Immunosuppressants
Three clinical trials are recruiting COVID-19 patients to test the
efficacy of the immunosuppressant sirolimus(NCT04341675, NCT04371640 and
NCT04374903), whereas no clinical study on the calcineurin inhibitor
cyclosporine in COVID-19 has been recorded, despite it has been
hypothesized as potential candidate for SARS-CoV-2 infection (Cure,
Kucuk & Cumhur Cure, 2020). Both the immunosuppressants can interfere
with NLRP3 inflammasome. Sirolimus inhibits NLRP3 inflammasome
activation in macrophages through autophagy induction (Ko, Yoon, Lee &
Oh, 2017), whereas cyclosporine targets cyclophilin D to avoid the
opening of mitochondria permeability transition pore (MPT), which is
strictly involved in NLRP3 inflammasome activation (Iyer et al., 2013).
Another well-known NLRP3 inhibitor included in several clinical
protocols for COVID-19 patients is the classical anti-mitotic drug
colchicine, with at least ten ongoing clinical trials (NCT04328480,
NCT04322682, 2020-001841-38, NCT04392141, 2020-001511-25, NCT04322565,
NCT04375202, NCT04360980, 2020-001603-16, NCT04363437) and 3 others
ready to start (NCT04367168, NCT04355143, NCT04326790). Several
mechanisms have been proposed to explain how colchicine can suppress
NLRP3 inflammasome activation. First, colchicine can inhibit the
expression of pyrin gene, avoiding the assembly of the NLRP3
inflammasome complex (Nidorf, Eikelboom & Thompson, 2014). Second,
colchicine inhibits activation of caspase-1 and mature IL-1β (Otani et
al., 2016). Third, colchicine inhibits P2X7-induced pore formation, a
key step in NLRP3 inflammasome activation following ATP exposure
(Marques-da-Silva, Chaves, Castro, Coutinho-Silva & Guimaraes, 2011).
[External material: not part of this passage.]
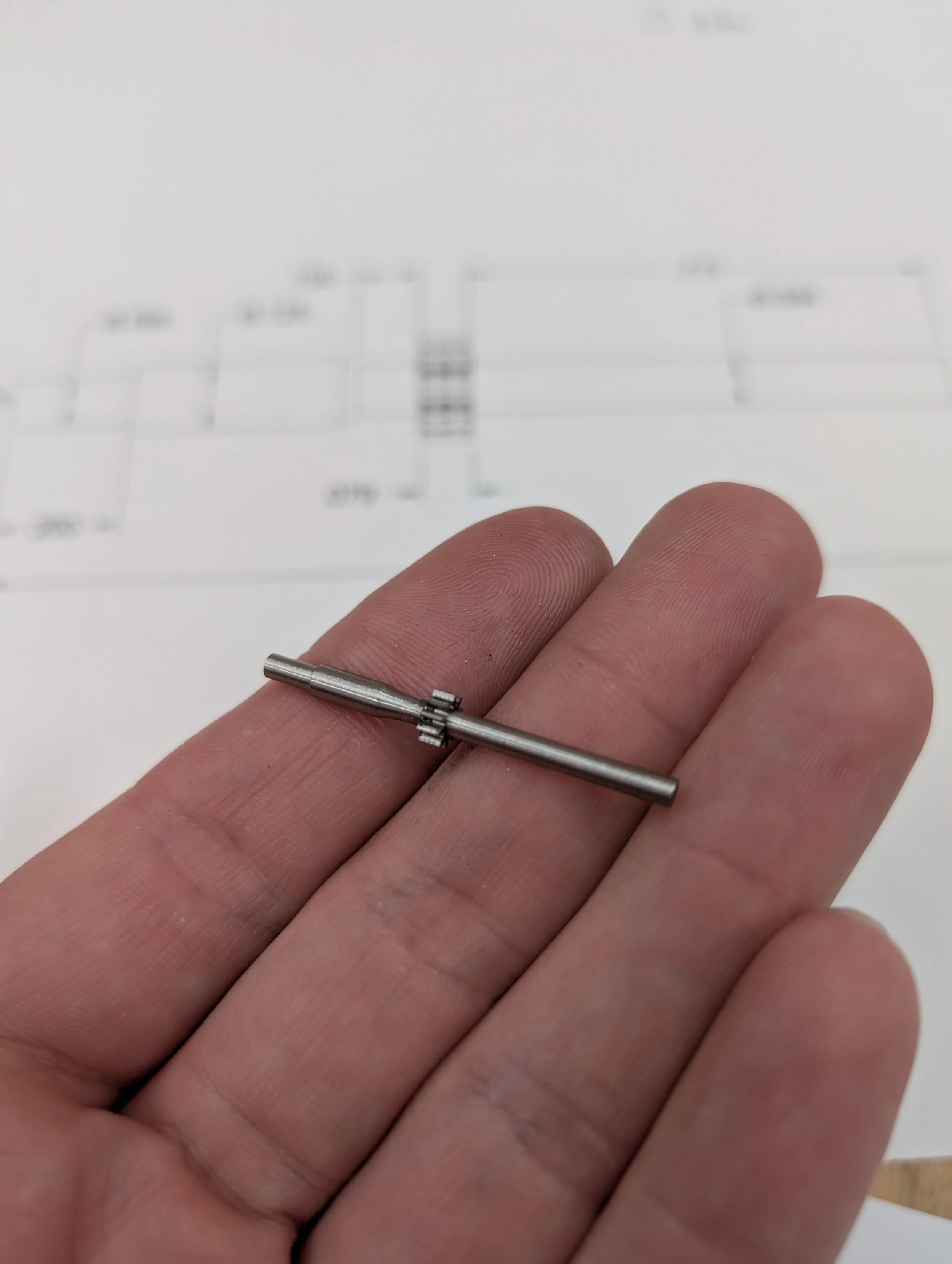 First for the calculation gears are those with pinions small enough that they have to be machined integral to the arbor. There are three: Arbors A, B, and O. The first two have 11T M0.4 pinions, and O has a 10T M0.4. The strategy is to machine one side of the arbor only, just removing clearance material from the back side. Move to the mill, cut the teeth, then move back to the lathe to cut the remaining profile.

Other interesting small molecules with immunomodulatory properties,
already proposed for COVID-19 infection and with documented modulatory
activity on NLRP3 inflammasome, are the Janus kinase (JAK) inhibitor
baricitinib and the Bruton’s tyrosine kinase (BTK) inhibitor
acalabrutinib. A study on baricitinib has already been concluded with
interesting results (NCT04358614) and others are recruiting patients for
both the treatments (Baricitinib: NCT04320277 and NCT04390464;
Acalabrutinib: NCT04346199 and NCT04380688). Experimental evidence for
key roles of the JAK and BTK cascades in either activation of the NLRP3
inflammasome and diabesity pathogenesis have been reported in the
literature (Collotta et al., 2020; Furuya et al., 2018)
Up to nowadays six clinical trials (NCT04347980, NCT04325061,
NCT04395105, NCT04344730, NCT04360876, NCT04327401), reported on
clinicaltrials.gov are recruiting patients to test the efficacy of the
corticosteroid dexamethasone , whose beneficial effects in airway
inflammation has been recently demonstrated to involve lung inhibition
of the activity of NLRP3 inflammasome and the release of IL-1β and IL-18
(Guan, Ma, Fan, Chen, Miao & Wu, 2020).